Thanksgiving in our house or apartment is never same old, same old. That’s not to say I don’t serve some of the more traditional dishes associated with this tradition-bound holiday; But we always have some twist to the event and this year at the last minute we added another guest. It went like this….
Driving past the street where our friends Joe and Michael live, I realize that Michael must be here and Joe is in Australia, so who is Michael having dinner with?? He could be in The City with friends or he could be hosting, but I’m going to check. I sent a text with inquiry and he wrote back stating he already shopped for all the food but he could come by for dessert. Putting two and two together and coming out with ONE, I realized he certainly must not have guests. Eating alone on Thanksgiving??!!! I wouldn’t hear of it, so I sent a strong invitation to join us. Back comes the response how he loves to cook; Back goes my reply, OK, you love to cook, so do I – so cook already and you bring some here. That did it.
I thought maybe Michael could bring some stuffing or a dessert but no, he was planning on bringing a lot more even though I protested that there were only 5 of us and actually he and our friend Murray really don’t eat much. I want to say they eat like birds but I think both of them are going to read this, so I’m not saying it.
The day dawned bright and clear following a horrible chilly and rainy Wednesday. Wendy had arrived the day before and so the three of us started the morning with a broccoli and onion frittata and fresh fruit salad.
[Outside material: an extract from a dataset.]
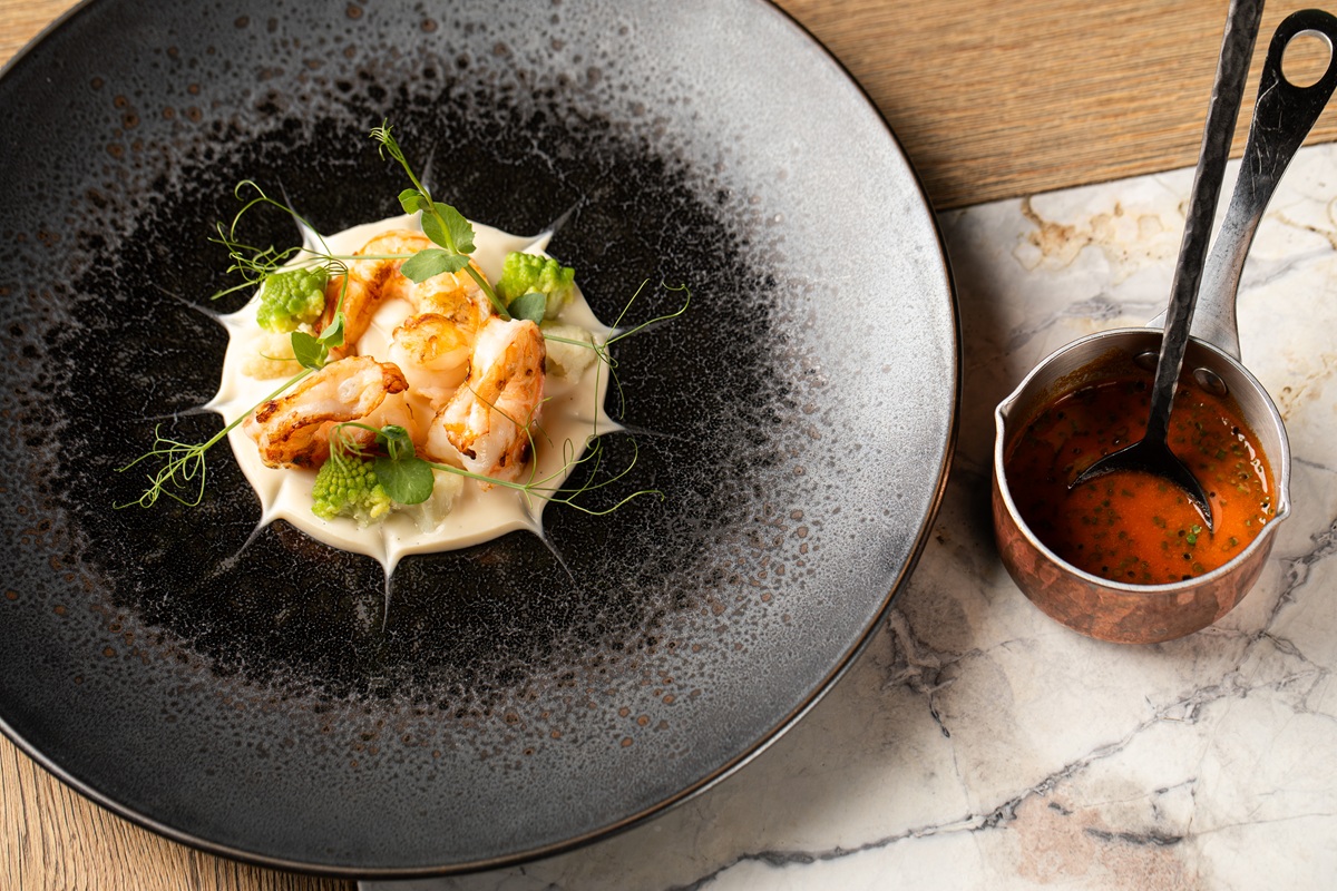 Moderní italská restaurace Amano letos přichystala například jako předkrm grilované krevety, květák , pinie, ´Nduja.

I put some aside for Murray who would be arriving around 11am. So far so good. I took the soup and mashed potatoes out of the refrigerator, got the stuffing out of the refrigerator next door. Oh I didn’t explain that I didn’t have enough room in my refrigerator for all the food so we stashed a lot of stuff in my neighbor’s refrigerator – very convenient actually. Now we had to tackle moving furniture in the living room so we could open up the dropleaf table to accomodate the five of us. You know in a normal house and by that I mean the kind you grow up in, not a beach cottage, this is an easy enough task. But not here! First everything behind the couch has to go upstairs out of sight, everything on the table has to go upstairs and out of sight. Then in order to get the two chairs that ARE upstairs and have to come downstairs to go around the dining room table, one has to remove two cat carriers, the laundry bag, the empty travel food bags, a blanket and two suitcases!!
Once Murray arrived and was fed, he took off for the beach to capture some beautiful shots of dogs running happily in the sand, peoples strolling the boardwalk (clearly guests and not hosts) and sea gulls swooping around. I began to prepare and put together some of the remaining dishes. The only problem occurred when he who shall not be named, wanted to change the dinner time! He, who was sitting in a chair reading the New York Times! Really? Really??
Once I banned everyone from the kitchen and said to please leave me alone because I know what I’m doing and I have to do some things in certain order and trust me it will all get done. This IS a really important factor because have you ever made Thanksgiving dinner on a 20″ stove? Ha! The burners are so close together and don’t even talk to me about the oven size! Once the turkey breast ( I opted out of the 12 lb bird I had in my shopping cart because I decided the bone to meat ratio wasn’t so good) goes in the oven, that’s the only thing that can go in the oven.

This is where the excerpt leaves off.